Regarding the acting, Zeth Daniels and Berislav Sertic are simply fantastic. As the only two actors in the film, they have a lot riding on their shoulders, and they manage to deliver. Since Daniels is the writer of the story, he needed to sell the camaraderie between the characters and how this lifelong friendship turned sour. Both Daniels and Sertic manage to infuse a sense of organic feel to their friendship, harkening to the good old days and right into conflict ridden present. Sertic, on the other hand, has also contributed to the film’s soundtrack in addition to being the lead. The transformation of these two lifelong friends to enemies is done pretty well and the reasons for this turn are both believable and organic. As a result, the resulting conflict is also well developed.

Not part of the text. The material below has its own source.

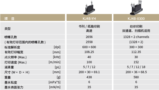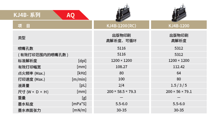 京瓷噴墨打印頭KJ4B(水性)系列規(guī)格
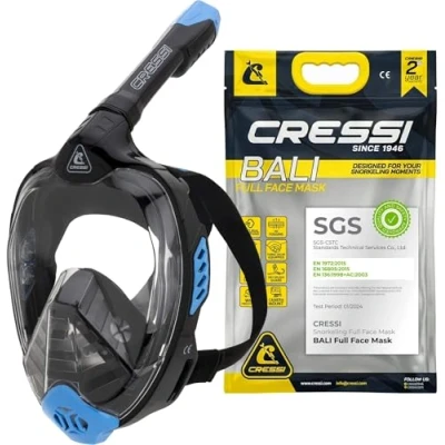 CRESSI Bali Full Face Mask Black/Blue L/XL Unisex Integral Snorkel Mask, Anti Fog Clear Lens, 100% Silicone, Dry with Float Valve, Action Cam Mount, Adjustable Strap, Black/Blue,

In addition, it is in the pacing of the story where the film also manages to impress. Starting off all slow with a drone shot of a lone car stumbling into an infinite desert, the film establishes the camaraderie of the two leads, filling us all in on their backstory that sounds pretty exciting. There is a hidden subtext in this conversation as Boris is hiding what he has planned and Jimmy is starting to get faint ideas that he might be walking into a trap. This cat and mouse game in the conversation in the start sets the tone for the entire film and as Boris’s reasons for taking the extreme step are revealed, there is no going back for either of them.
One of the film’s strongest suites is its cinematography. Utilising the cold, yellow desert of Las Vegas Nevada as its setting, the film finds two friends head to head in a battle of wits. The yellow drenched visuals are not there merely because they look cool; there is a deeper meaning behind this creative choice. The desert is meant to visualise the empty crucible where all truths are revealed. Far from civilization and distraction, two friends with secrets will find their sins and ills come to light, resulting in a life or death game where only one comes out on top.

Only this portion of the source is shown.